In this scenario we’ll launch an on-demand scan on a specific file. We’ll right-click the file suspect.dat which is classified as suspicious. In case of receiving a positive AnalysisResult the engine will throw an Action on the file.

 

Execution of a Malware PE File

In this test scenario we’ll execute a malicious PE file (files with extension EXE, COM, etc.). In this example we’ll double-click on the file EICAR.EXE which is considered malware and whose detection does not require connectivity to the cloud. As the execution of a file is an action which puts the security of the machine in danger, as soon as it is intercepted it is blocked and an OnAccess AnalysisRequest is launched. Depending on the result of the action access to the file is allowed or denied and a subsequent task is generated to neutralize the file.

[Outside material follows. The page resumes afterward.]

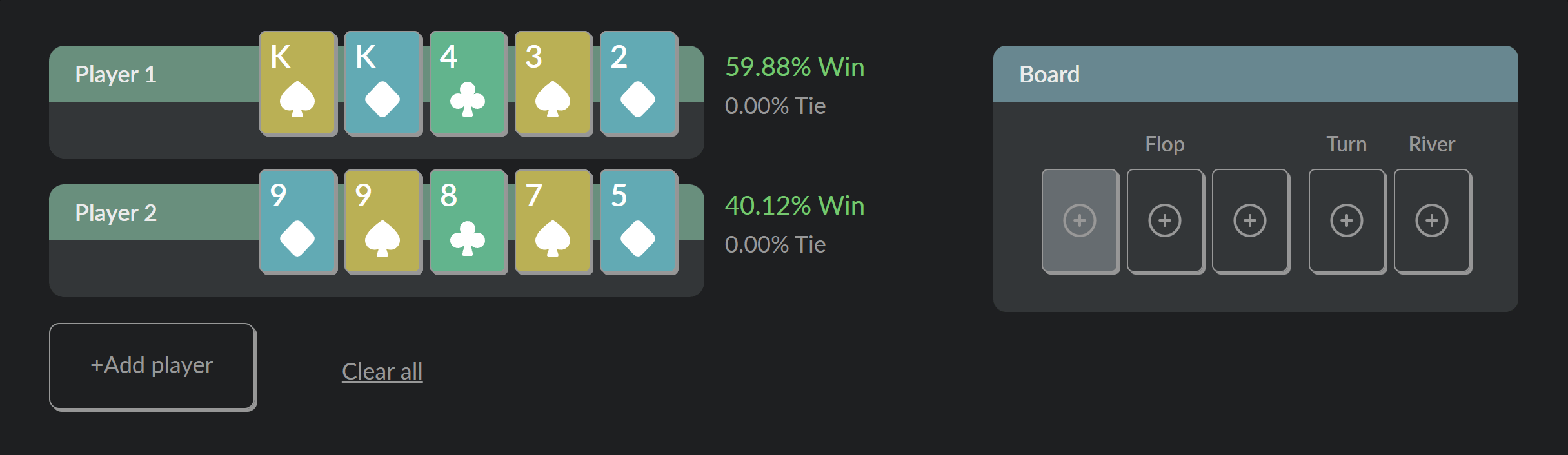 The calculator shows the winning odds (equity) for each hand at any point in the game. Simply input the required information, and it will calculate the equity for all players.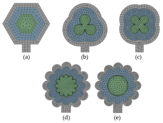 Mesh in the models. (a) Hexagonal; (b) 3L Clover (c) 4L Clover; (d) Flower; (e) Internal circular section with a flower shape in the external profile.

In the next example we’ll repeat a similar scenario but whose detection of this particular malware file (MyFormatter.exe) is delivered from-the-cloud. In the following example we can see the reaction of the product against the execution of MyFormatter.exe.

 

Copy of a PE File

In this scenario we’ll copy a malicious PE file Eicar.exe to EicarCopy.exe. As a copy operation is not a high imminent risk to the PC the copy operation is permitted while an OnPrefetch AnalysisRequest is launched, anticipating its possible execution later on. If it is detected as malware, an Action will be requested on the file.

 

It is worth noting an error that may show up on the log (shown below) as a JobType “Cloud Error” which means that the communication between the Panda Cloud Antivirus agent and the server has failed, in this particular example during the OnPrefetch scan of the PE file GoogleDesktopResources_es.dll as the network connection was disabled on this machine.

 

Opening of a Non-PE File

This scenario consists of opening a non-PE file, in our case a Word document (mydoc.doc) which is not malicious. Opening a file, as executing a PE file, is considered a high risk action for the computer. Therefore the action is intercepted and blocked while an OnAccess AnalysisRequest is launched on the file.

 

 

 Copy of a Non-PE File

In this example we’ll copy a malicious non-PE file Achtung.doc to AchtungCopy.doc. As a copy operation is not a high imminent risk to the PC the copy operation is permitted and the default action is to launch an OnPrefetch AnalysisRequest on the resulting file. However in this case an OnAccess AnalysisRequest is launched on the original file as the Operating System needs to open a non-PE file in order to copy it to a new file. As we’ve seen before, the opening operation is considered a high risk operation and therefore an OnAccess AnalysisRequest is also launched on the file Achtung.doc. As it is detected as malicious, the copy operation is blocked.